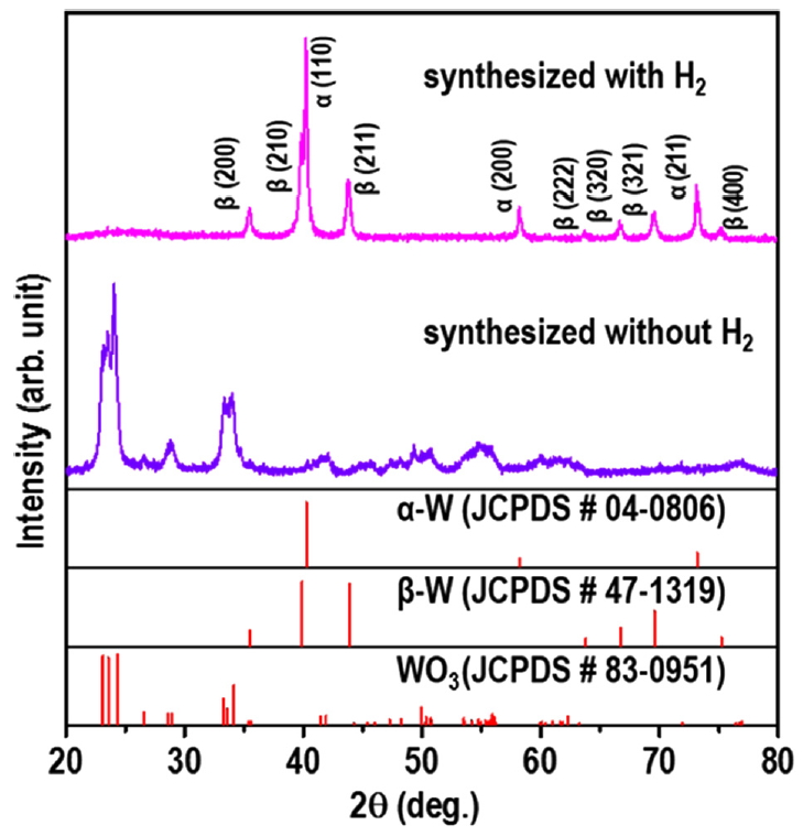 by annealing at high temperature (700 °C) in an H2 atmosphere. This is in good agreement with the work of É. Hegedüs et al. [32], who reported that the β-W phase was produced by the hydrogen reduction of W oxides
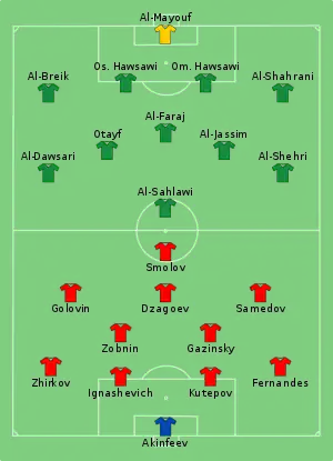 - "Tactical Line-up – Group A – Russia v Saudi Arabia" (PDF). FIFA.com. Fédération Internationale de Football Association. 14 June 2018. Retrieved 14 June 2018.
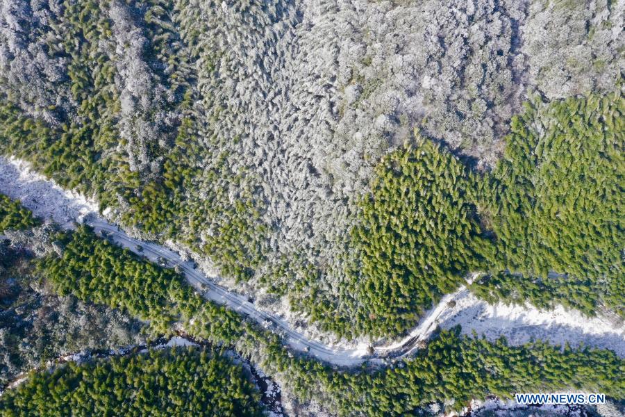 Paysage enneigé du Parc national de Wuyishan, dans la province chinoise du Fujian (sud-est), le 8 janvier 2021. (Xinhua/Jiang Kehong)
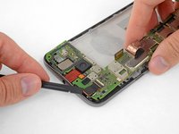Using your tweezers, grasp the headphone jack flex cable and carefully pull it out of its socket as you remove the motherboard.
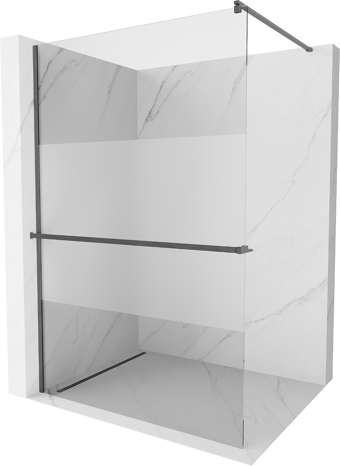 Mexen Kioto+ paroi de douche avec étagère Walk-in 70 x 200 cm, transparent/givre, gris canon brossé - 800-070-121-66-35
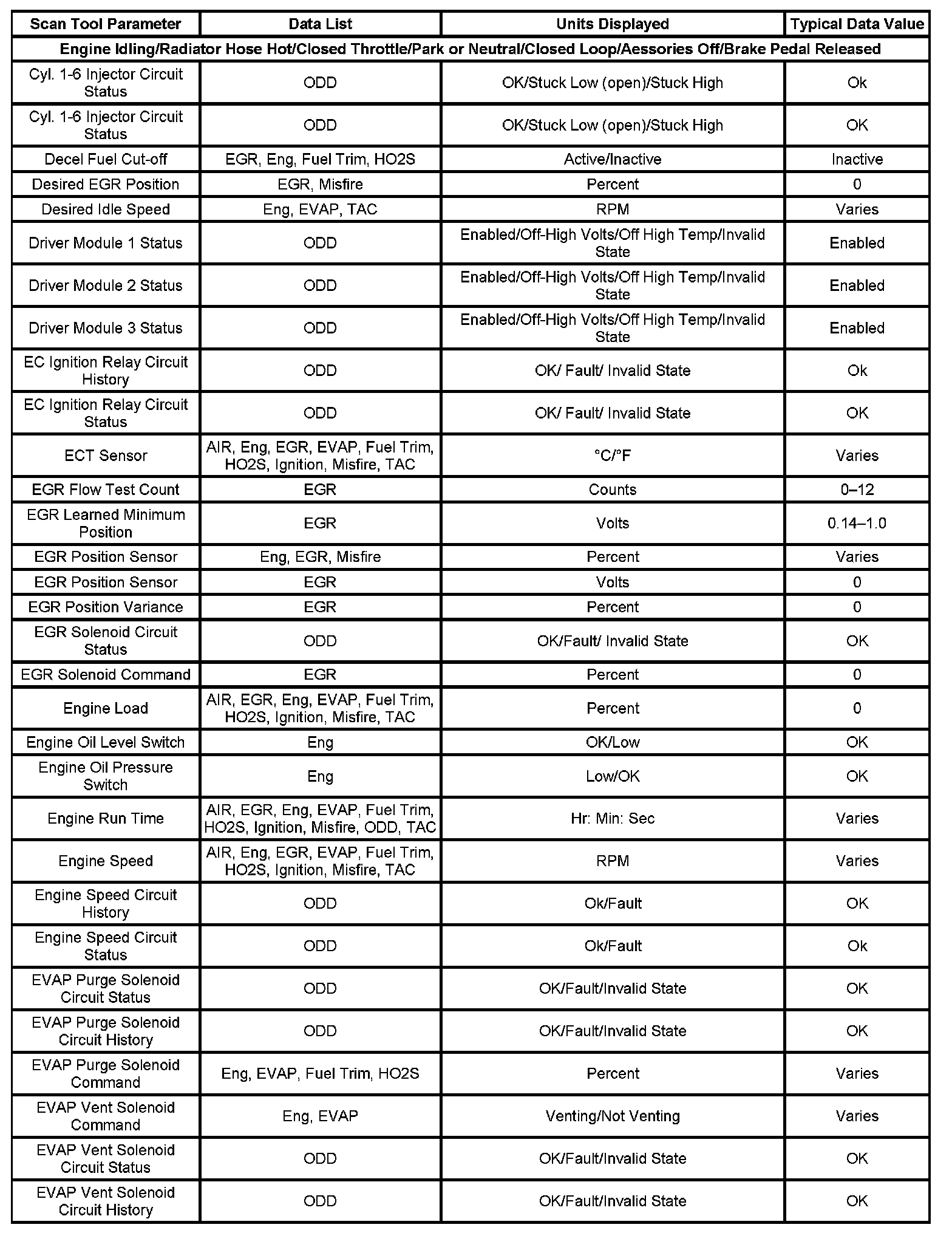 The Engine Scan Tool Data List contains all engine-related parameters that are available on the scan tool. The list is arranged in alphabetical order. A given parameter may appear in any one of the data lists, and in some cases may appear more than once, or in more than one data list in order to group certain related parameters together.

----

> _What this task involves_
Where a record holds a picture, skip the picture and copy everything else exactly.

> _Result of this task_
 by annealing at high temperature (700 °C) in an H2 atmosphere. This is in good agreement with the work of É. Hegedüs et al. [32], who reported that the β-W phase was produced by the hydrogen reduction of W oxides
 - "Tactical Line-up – Group A – Russia v Saudi Arabia" (PDF). FIFA.com. Fédération Internationale de Football Association. 14 June 2018. Retrieved 14 June 2018.
 Paysage enneigé du Parc national de Wuyishan, dans la province chinoise du Fujian (sud-est), le 8 janvier 2021. (Xinhua/Jiang Kehong)
Using your tweezers, grasp the headphone jack flex cable and carefully pull it out of its socket as you remove the motherboard.
 Mexen Kioto+ paroi de douche avec étagère Walk-in 70 x 200 cm, transparent/givre, gris canon brossé - 800-070-121-66-35
 The Engine Scan Tool Data List contains all engine-related parameters that are available on the scan tool. The list is arranged in alphabetical order. A given parameter may appear in any one of the data lists, and in some cases may appear more than once, or in more than one data list in order to group certain related parameters together.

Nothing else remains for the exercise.